Basic Economic, Fiscal Policy Draft: Deepen Strategy to Increase Take-home Pay

It will only be possible for the government to obtain public understanding of its policy if it achieves both economic growth and fiscal consolidation. Rather than relying on tax cuts, the government should deepen its strategy to increase take-home pay by expanding the overall economic pie.

The government has compiled a draft of its Basic Policy on Economic and Fiscal Management and Reform. The target for achieving a surplus in the combined primary balance of the central and local governments has been moved back from fiscal 2025 to fiscal 2025-26.

The primary balance is an indicator of the amount of policy spending that can be covered through tax revenues and other means, without relying on debt. Since 2002, the government has positioned the goal of achieving the primary balance surplus as a pillar of its fiscal consolidation plan.

The government has had its sights set on achieving a surplus since summer last year, following a significant increase in tax revenues resulting from higher prices and other factors. It also indicated that tax revenues for the current fiscal year are expected to exceed ¥78 trillion, the largest ever.

The current revision of the target is probably because the government set a wide range of target dates due to the uncertainty regarding the impact of the high tariff policy of the United States and other factors.

National debt, including government bonds, has reached about ¥1.3 quadrillion, the worst level among major industrialized countries. It is necessary to secure sufficient fiscal reserves to prepare for a major natural disaster or a severe recession. The timing for achieving the goal of the primary balance surplus should not be easily postponed.

To achieve both fiscal reconstruction and economic growth, the government has made the continuation of high wage increases the cornerstone of its strategy and has stated it will “firmly establish a real wage increase of about 1%” as well as a raise in nominal wages.

It is important for the government to work on measures to boost corporate productivity and encourage small and midsize enterprises to pass on increased costs through their transaction prices, thereby creating an environment conducive to higher wages.

The high tariff policy of the United States has increased uncertainty about the future of the economy. It is necessary to take measures such as promoting domestic investment, revitalizing the shipbuilding industry and supporting the strengthening of the supply chain for semiconductors.

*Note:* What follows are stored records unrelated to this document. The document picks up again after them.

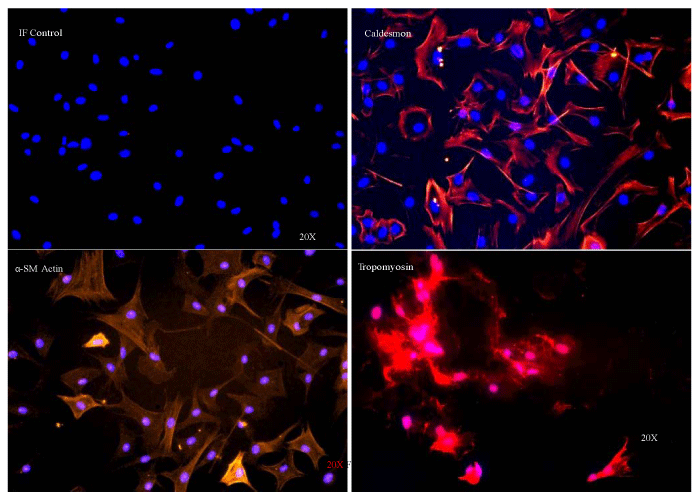| Figure 1: Phenotypic confirmation of primary vaginal cells. Cells isolated by enzymatic digestion of vaginal biopsies were proliferated in DMEM/12 containing 20% v/v FBS. Cells positively labeled for various SMC markers, such as caldesmon (Alexa Fluor 594, red), a–SM actin (Alexa Fluor 555, orange), and tropomyosin (Alexa Fluor 594, red) confirming the SMC phenotype. Nuclei were labeled with DAPI (blue). |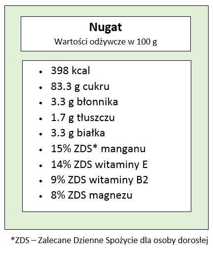 Oczywiście bagaż cukrowy jest bezwzględnie ciężki – 100 g nugatu ma średnie obciążenie glikemiczne na poziomie 66. Ubogi w tłuszcze i białka, przysmak składa się głównie z cukrów, które oprócz fatalnego wpływu na metabolizm i wagę ciała, zagrażają również zębom – zwłaszcza w owej klejącej się konsystencji. Na korzyść nugatu przemawia za to zawartość orzechów, pokarmu uznawanego powszechnie za bardzo odżywczy. To dzięki nim słodka przekąska dostarcza organizmowi witamin – witaminy E oraz B2, jak również minerałów: fosforu, manganu, miedzi i żelaza. Dla poprawności naukowej trzeba jednak dodać, że zdecydowanie zdrowiej jest jeść same orzechy, a ich zawartość w nugacie nie jest znowu aż tak wysoka!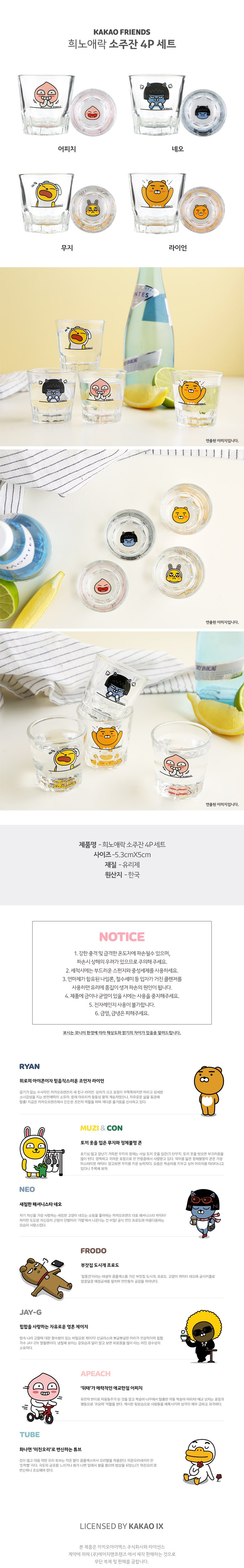 KAKAO FRIENDS 喜怒哀樂燒酒杯,一套四入,將可愛的KAKAO FRIENDS角色融入您的生活。每個杯子都印有不同的角色表情,增添飲酒的樂趣。採用透明玻璃材質,讓您在品嚐燒酒的同時,也能欣賞飲品的色澤。無論是朋友聚會還是獨自小酌,這款燒酒杯都能為您帶來歡樂的氛圍。請注意,使用時避免劇烈溫差,並使用柔軟海綿清洗,以延長產品使用壽命。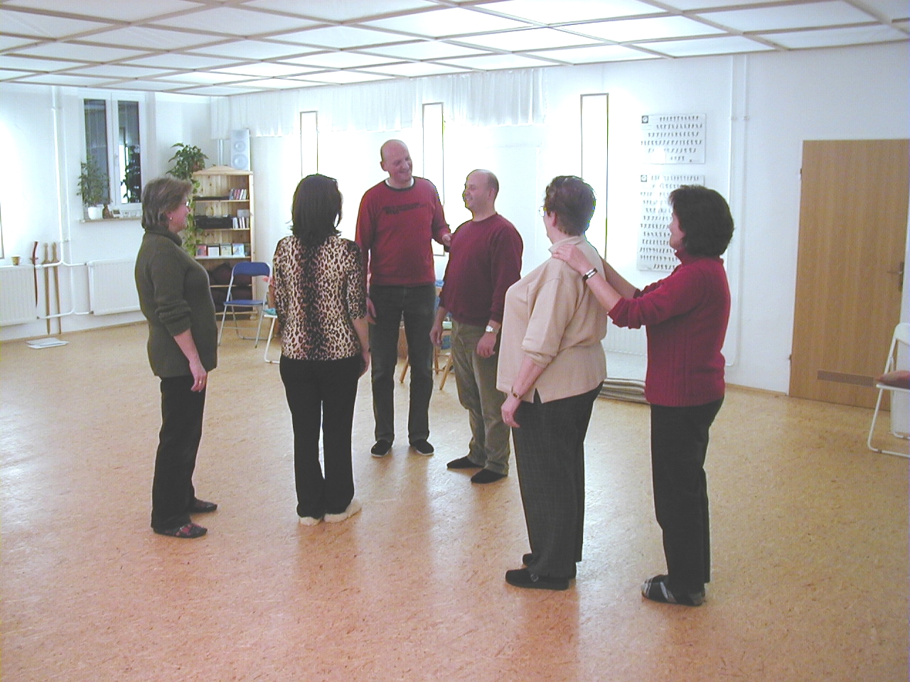 Wenn alle Elemente bestimmt sind, wählt meist der Klient aus den anderen Gruppenmitgliedern nach Gefühl Stellvertreter für die entsprechende Rolle und stellt sie dann im Raum nach seinem Empfinden auf. So erhalte ich sozusagen ein Raumbild des inneren Bildes des Klienten vom System.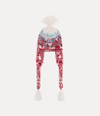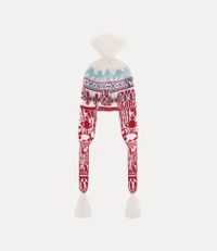 Our Ear Flap Hat is crafted from a soft wool knit, featuring classic extended ear flaps finished with playful tassel ties. Adorned with our heritage all-over Fair Isle jacquard, the design showcases intricate, tapestry-inspired motifs woven throughout. Code: 8053195328611 - Features classic ear flaps - Extended side panels - Large pom-pom at the crown - Long tassel ties - Thick rib-free finish - Soft knitted construction - Unisex design - Made in Japan COMPOSITION - 100% Wool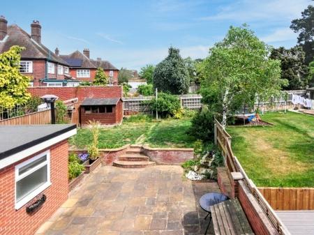OUTSIDE The frontage provides ample driveway parking and access to an attached garage, whilst to the rear there is an attractive easterly facing two tier garden with open outlook, predominantly laid to mature lawn and generous entertainment patio with water feature.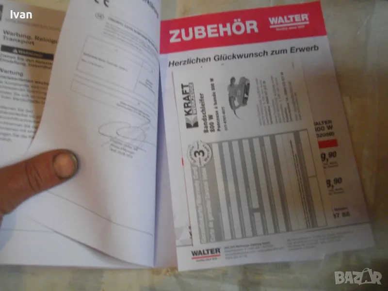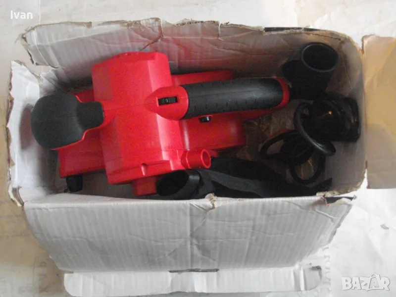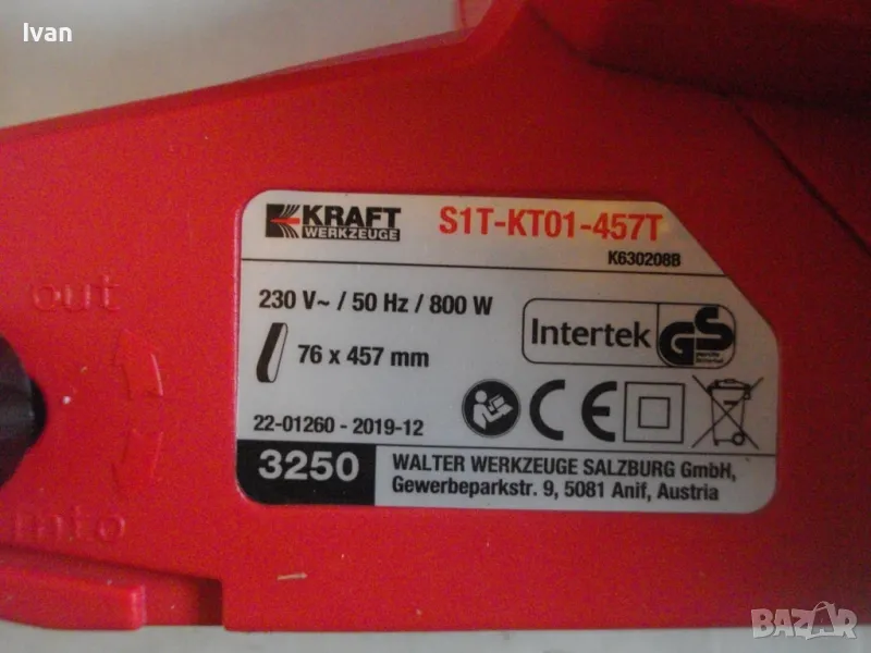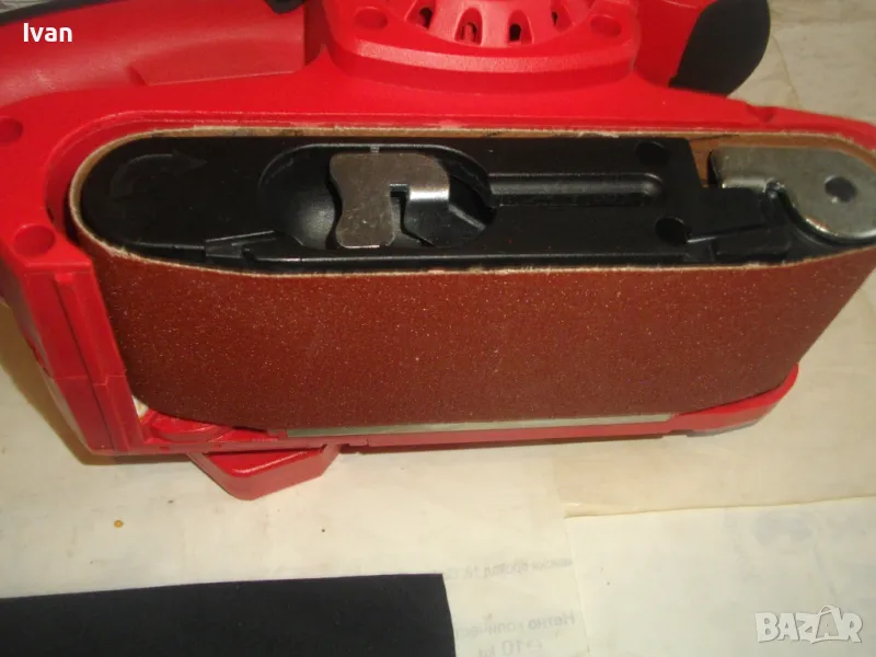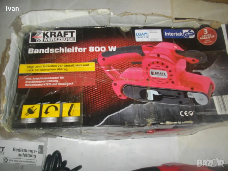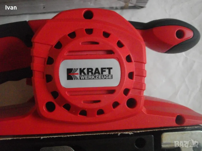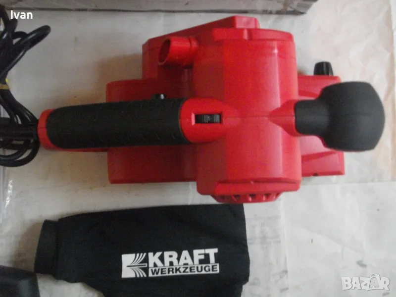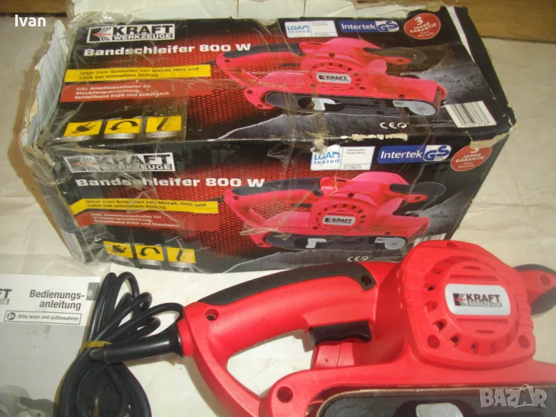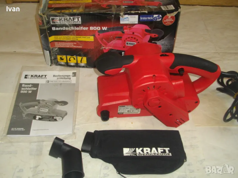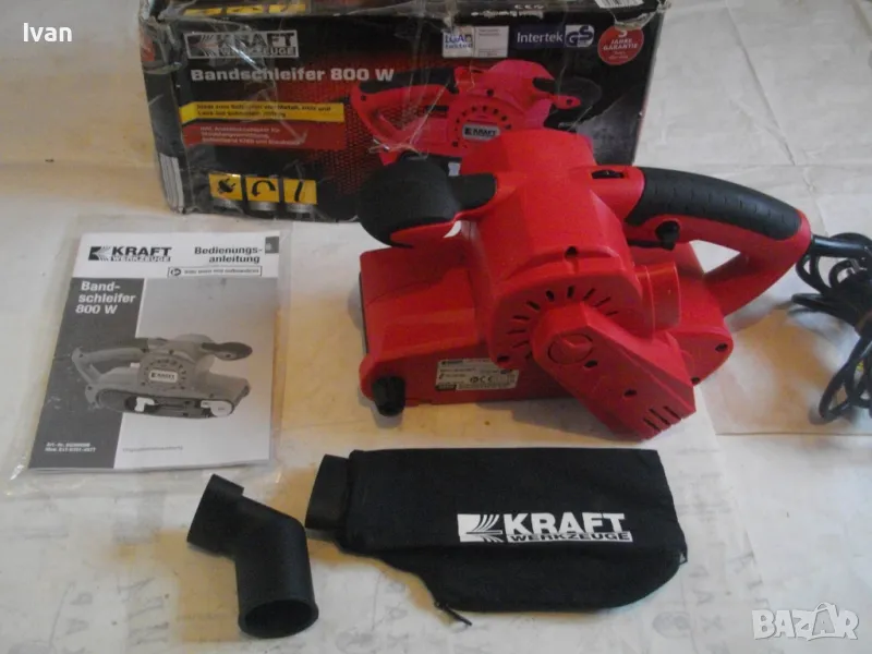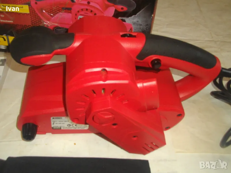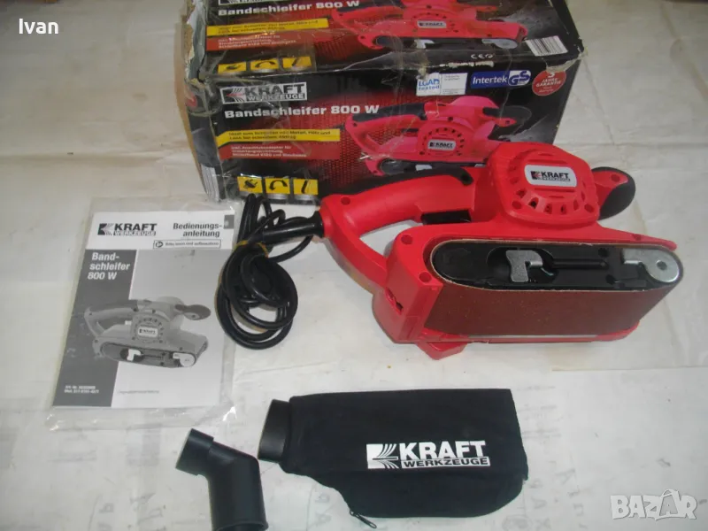 Лентов шлайф НОВ в червен кашон. 800 ватов австрийски оригинален модел. Съвсем нов комплект, неползвани неупотребяван. Професионален. Марка и модел на машината - KRAFT Werkzeuge S1T-KTO1-457T. Производител маркиран -WALTER Werkzeuge - производство маркирано 2019 г. Salzburg - Austria. Мощност на мотора 800 вата, скорост 0-5 м/сек. За шкуркови пояси размер 76 х 457 мм. Регулация на скорост - 6 степени с потенциометър. Гумирани покрития на предна и задна дръжки. Поставена шкурка оригинална на машината. В комплекта е включена оригинална торба за прах, оригинален накрайник за маркуч на прахосмукачка скачване към конектора за прах, техническа документация на машината, оригинален кашон кутия с маркирано оригиналното австрийско производство на него. Размери на кутията 330 х 180 х 170 мм. Тегло на комплекта - 3,5 кг.

Meanwhile, with the House of Councillors election in mind, the ruling and opposition parties are actively discussing consumption tax rate cuts.

It is legally stipulated that the consumption tax is to be used to finance social security systems, including pensions, medical care and nursing care. With the cost of these programs increasing, there is little room for tax rate cuts.

It is appropriate that the draft put a brake on arguments regarding tax cuts by stating the government will work to “ensure that take-home pay increases through higher wages” rather than a policy of tax cuts.

Paying close attention to the market must not be forgotten as an important part of fiscal management. This is because the cost of interest payments on government bonds will increase with the advent of “life with interest rates.”

In the draft, the government has come out with a policy of reducing the ratio of outstanding government debt to gross domestic product to “the level before the COVID-19 pandemic.” To ensure that the confidence of the financial markets does not waver, it is vital to clearly present a path for reducing debt over the medium to long term.